This is Part 2, where we will discuss the technical shortcomings of the FTTN rollout, and ways in which this utter travesty could be mitigated. The new Labor government seems to have either scraped my hard drive or enlisted the help of competent analysts, because most of the suggestions I make herein are currently being implemented.

Part 1 focuses on the cultural deficiencies at NBNCo.

Part 3 deals with the HFC network and ways in which it can be salvaged.

Part 4 explains why the LTE network was poorly thought out from the start.

Part 5 briefly touches on the economics of the NBN.

Part 6 hammers home the fact that all of this is a result of shameless and disgusting short sighted political manoeuvring by the Liberal Party to protect the interests of Rupert Murdoch and other corporate friends such as Telstra.

An NBN restrospective - Part 2.

Having now fixed nbn's culture problem (and re-rebranded it to NBNCo), we're ready to get into the minutiae of actually fixing this travesty of a network. We're going to make some key assumptions that will make this process a lot less painful.

Basically, we're assuming that money is no object. With the NBN now on the Government's budget, it can direct funds directly to the project. This is currently not possible, and NBNCo has to ask its shareholders (currently Mattias Cormann and Paul Fletcher) for cash injections. This doesn't work when the Government's core election promise was to achieve a budget surplus, and doubly doesn't work when they don't actually care about the NBN.

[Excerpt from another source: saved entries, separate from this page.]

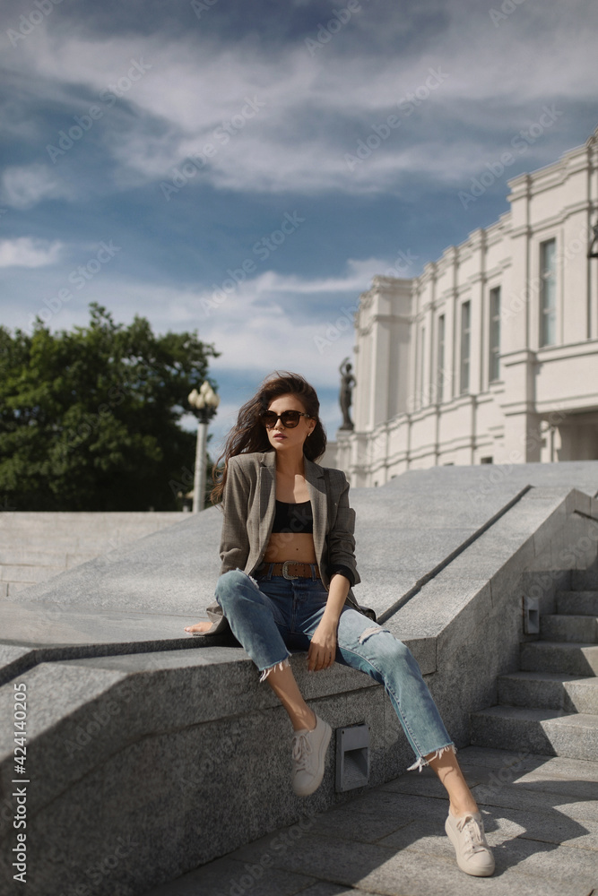 Young model woman in trendy sunglasses, jeans, and fashionable jacket posing outdoors in a European city in the summer day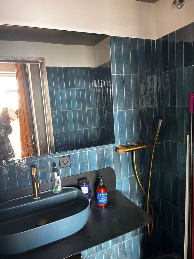 Incluye: pica azul + base negra metálica + espejo de 80x80 con perfil negro a juego, w.c. con mochila integrada + pulsador negro, griferia dorada (grifo, sifón y monomando de ducha).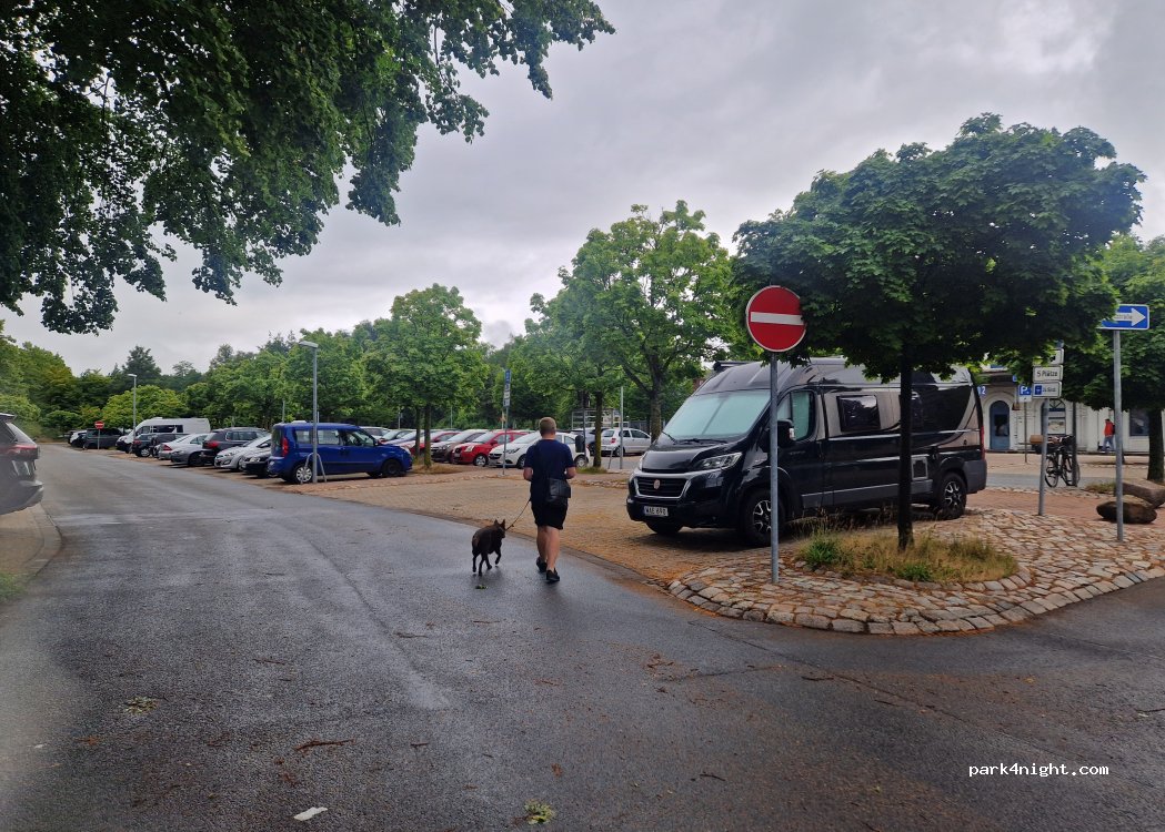 Parkplatz am kleinen Bahnhof mit ausgewiesenen Stellplätzen. Nichts für Dickschiffe. Genau das Richtige für uns. Innenstadt in 5 Minuten zu Fuss erreichbar. Mehr brauchen wir nicht.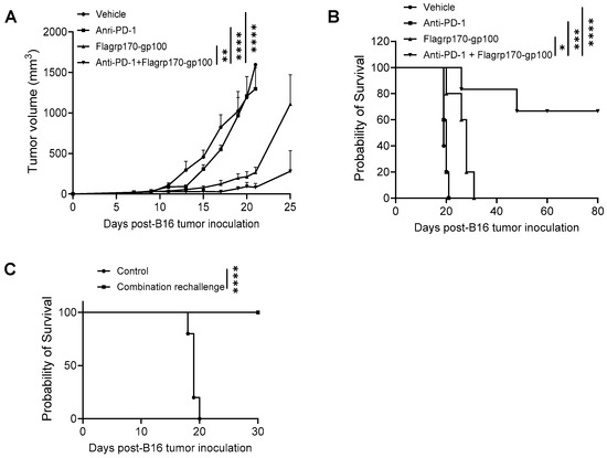 Given the ability of the Flagrp170 chaperone vaccine to expand tumor-reactive T cells and immunologically remodel the tumor sites, we sought to examine its potential use for improving tumor responses to ICIs. C57BL/6 mice established with B16 melanoma were treated with the Flagrp170-gp100 complex, anti-PD-1 antibodies, or a combination. We showed that, while anti-PD-1 therapy alone failed to inhibit tumor progression, a combinatorial treatment resulted in the highly potent suppression of tumor growth (Figure 6A), which corelated with significantly prolonged animal survival (Figure 6B). Strikingly, approximately 60% of mice receiving combination therapy remained tumor-free (Figure 6B), suggesting a curative effect of the Flagrp170-gp100 complex vaccine in combination with anti-PD-1 therapy. These tumor-free mice were re-challenged with B16 tumors 90 days later and none of these mice developed tumors (Figure 6C), suggesting that a robust memory response has been established following the combination therapy.

Altering the SoE allows NBNCo to just plough money into the network with no expectation of making a return on it. Some good the expectation of a return is doing now anyway, the company only recently posted a record $2bn loss. Good news is that this doesn't have to be permanent, and as part of the technical solution for fixing this steaming pile, we will also be looking at how the NBN makes money.

Considering the needless complexity of the current rollout, which precludes a simple catch-all solution, we will be going through each current rollout technology individually. We will briefly discuss each technology, why it sucks, and what can be done to make it not suck.

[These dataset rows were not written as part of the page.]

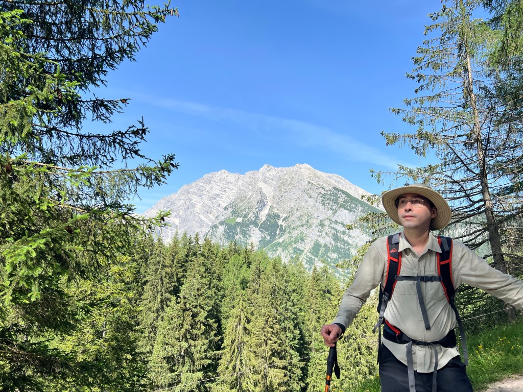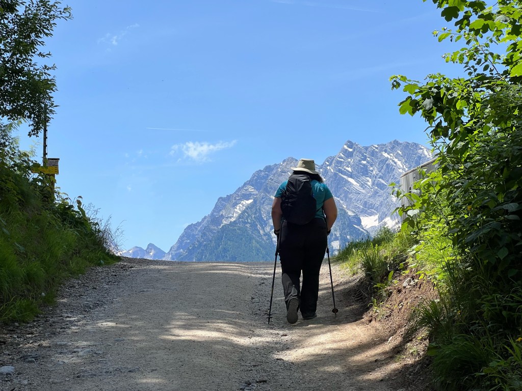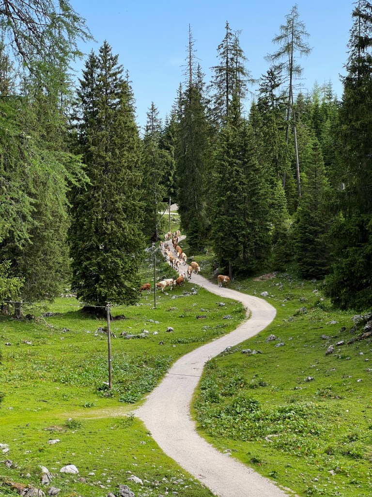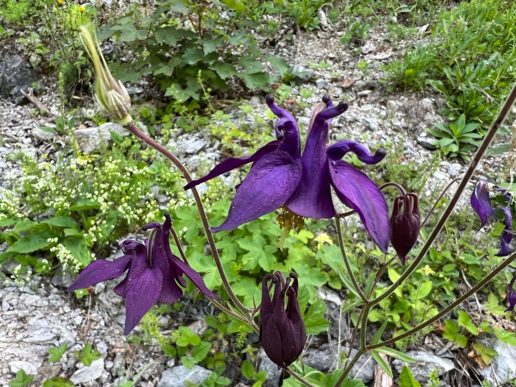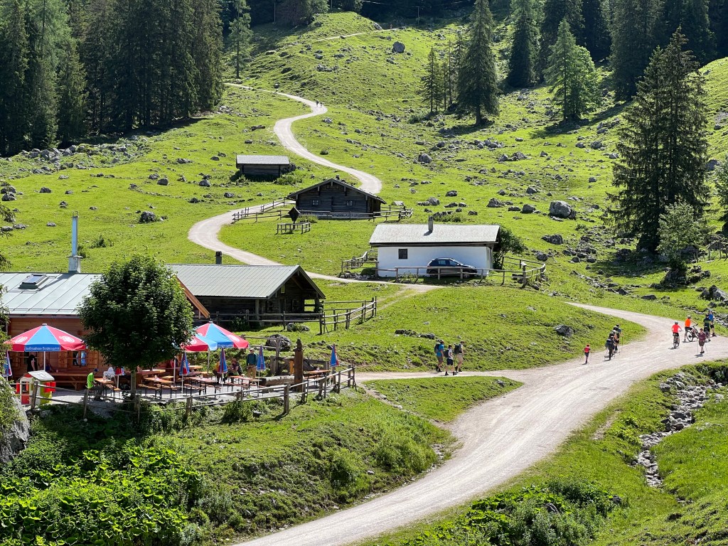 After eating we got our boots tied, packs on, and started back to the Jennerbahn middle station. Highlights included the antics of the cows, some new flowers, and a stop back at Königsbachalm. We took a different route from the alm to the Jennerbahn, which added some variety, including a small pond with many little fish.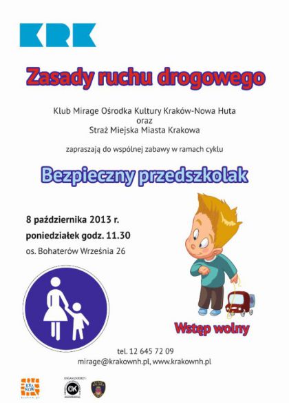 W trakcie zabawy dzieci zdobędą wiedzę na temat bezpiecznego poruszania się po drogach. Nabyte umiejętności wypróbują w trakcie zabaw edukacyjnych z funkcjonariuszami Straży Miejskiej, aby potem praktycznie korzystać z nich przez całe życie. Współorganizatorem cyklu jest Straż Miejska Miasta Krakowa.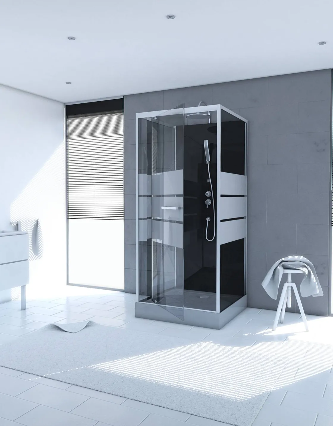 De Stijlvolle Chromen Douchecabine Study Van Aurlane Beschikt Over Een Draaideur Van Gehard Glas En Magnetische Sluiting. De Vereiste Hoogte Voor De Installatie Is 235 Cm. De Metaalgrijs Gelakte Aluminium Structuur En Het Chromen Handvat Zorgen Voor Een Strakke Afwerking.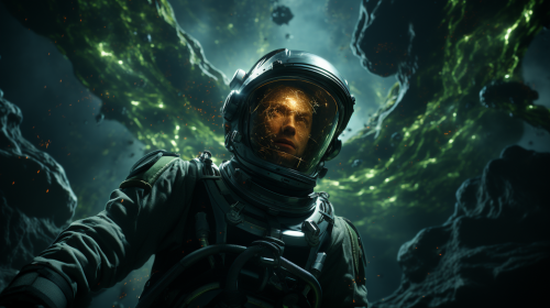 : A hyper-realistic, dramatic scene of an astronaut being pulled toward a mysterious, glowing green light in the vastness of space. The astronaut, fully suited in high-tech gear, is floating helplessly, with arms outstretched as the intense green light emanates from a swirling vortex of energy. The light bathes the entire scene in an eerie, otherworldly glow, casting sharp shadows across the astronaut's suit and reflecting off the helmet’s visor. Behind the astronaut, distant stars and nebulae create a beautiful yet ominous backdrop, their colors muted by the overwhelming presence of the green light. The light appears to distort space itself, creating ripples and bending the surrounding cosmic elements. The astronaut’s figure is caught mid-motion, as if frozen in the moment of being irresistibly drawn into this unknown force. The entire scene is filled with a sense of awe and tension, as the vastness of space and the mysterious power of the green light combine to create a visually stunning and emotional image. Shot with a cinematic wide-angle lens to capture both the astronaut and the swirling vortex of light. --ar 16:9 --v 5.2 --s 750
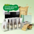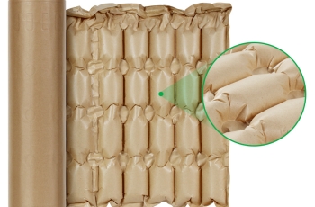 the features of a product made from 100% biodegradable material consisting of paper and bio film. The product offers easy disposal for consumers and provides superior cushioning for medium to heavy goods. It is perforated for convenient separation. Additionally, it helps save storage and shipping costs, and offers customized solutions.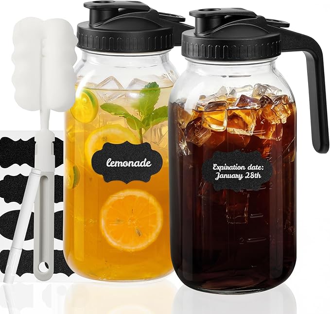 This 2-piece set of 64 oz glass pitchers with lids is perfect for serving coffee, juice, iced tea, sun tea, cocktails, bubble tea, smoothies, and more. Ideal for family gatherings, outdoor picnics, or everyday use, their classic mason jar design adds charm and elegance to any occasion.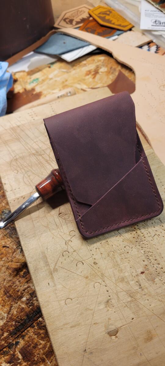 Here is our SlimTuck leather wallet. This handmade wallet is the perfect cross between slim and bi-fold! As with all of our wallets, this wallet is completely made by hand. Hand cut, hand treated, hand stitched.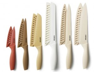 - VALUE ESSENTIAL COLLECTION: The colorful knife set includes all the most common kitchen knives, equips you with a full assortment of all-purpose kitchen cutlery. Include 8″ chef knife, 8″ bread knife, 8″ slicing knife, 7″ santoku knife, 5″ utility knife, 3.5″paring knife, as well as six blade guard.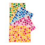 Die Sticker Geometrisch sind auf 8 Bogen verteilt und haben einen Größe von ca. 1,0 bis 1,8 cm. Diese ca. 864 Sticker haben die Farben Schwarz, Lila, Rot, Orange, Blau, Grün, Gelb und Pink. Ein Muss für jede Bastelkiste. Sie erhalten 1 Bogen je Farbe. Mit diesen vielfältigen Stickern lassen sich wundervolle Kreativarbeiten wie Scrapbook-Alben, Geschenkanhänger, Grußkarten und vieles mehr. Papiertüten oder Schachteln lassen sich im Nu zu einer liebevollen Geschenkverpackung verzieren. Das passende Schleifenband und ein kleiner Anhänger machen die Verpackung perfekt. Die Sticker sind super für das Basteln mit Kindern. Hier können sogar die Allerkleinsten richtig kreativ werden und Ihre ersten Kunstwerke alleine gestalten. Sticker kleben bringt Kinder eine große Freude. Motivgröße: 1 – 1.8 cm Selbstklebend Material: Papier

By now, everyone in the country should be aware of what a mess Fibre to the Node (FTTN) is. Originally touted by Tony Abbott and Malcolm Turnbull to be a cheaper, as-good alternative to Labor's Fibre to the Premises (FTTP) network, the technology has been nothing short of a spectacular failure. Such was the magnitude of its failure that very shortly into its rollout, NBNCo (and PM Turnbull) were forced to drastically change tack, and began casing out the possibility of eating up Telstra's and Optus's old Cable networks.

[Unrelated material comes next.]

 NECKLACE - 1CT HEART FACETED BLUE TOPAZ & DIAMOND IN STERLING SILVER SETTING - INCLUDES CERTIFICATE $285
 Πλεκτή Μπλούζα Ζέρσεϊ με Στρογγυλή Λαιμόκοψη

Dr Ziggy Switkowski, the current NBNCo chair, fronted a 2003 Senate inquiry into the state of broadband access in Australia. It was at this inquiry that he declared Telstra's phone line network to be, "Five minutes to midnight," basically dead in the water (sometimes literally). It is this same Dr Ziggy Switkowski who was charged by the Liberal Party to roll out an FTTN network utilising this same Telstra phone line network.

FTTN is really only suitable for short lengths of copper. Fibre is run to a box somewhere in the neighbourhood, in which DSL line cards are installed and connected to the various phone lines running to houses. The flavour of DSL used in FTTN drops in speed precipitously with distance from the node, performing around the same as traditional ADSL 2+ at around 1km of line length from the node, assuming the line is in good nick.

NBNCo found out very quickly that Dr Switkowski was not lying for a change in 2003 and many, many phone lines in this country simply not suitable for upgrading to FTTN. Regardless, the Government made the company forge ahead until complaints of slow speeds and dropouts became so deafeningly loud that they could no longer ignore FTTN's shortcomings. Today, the FTTN footprint covers about 30% of the population, a far cry from the original plan of around 76% coverage.

Around 15,000 premises in the FTTN footprint are unable to achieve even 25Mbps download, the speed that was promised to be guaranteed by 2016, and the minimum speed in the Government's own SoE. The ACCC recently came down like a ton of bricks on both NBNCo and the ISPs for failing to identify customers who were paying for services they could not achieve on FTTN. Customers were being charged for a 50Mbps service while barely receiving half, or even a quarter of that in some cases.

There's no two ways around it. The entire FTTN rollout was, and remains, a total failure. There is only one logical solution, and that is to completely tear it out and replace it with FTTP. Given NBNCo's SoE mandates them to provide a baseline of 25Mbps to all premises in the country, we would naturally start with those 15,000 locations unable to attain 25Mbps downstream. NBNCo have access to the line condition of every single FTTN connection in the country, and as such once the priority sub-25Mbps connections are fully remediated, they can assign crews to overbuild the FTTN in order of line quality from worst to most acceptable.

FTTP, due to its use of fibre optics all the way into the home, guarantees that the end user receives the speed they pay for, be it 25Mbps or 2500Mbps. FTTP is also future proof; higher speeds can be unlocked simply by replacing the electronics on each end of the fibre, and current fibre optic technology is capable of delivering a throughput of around 27Tbps (yes, terabits per second) over a single connection.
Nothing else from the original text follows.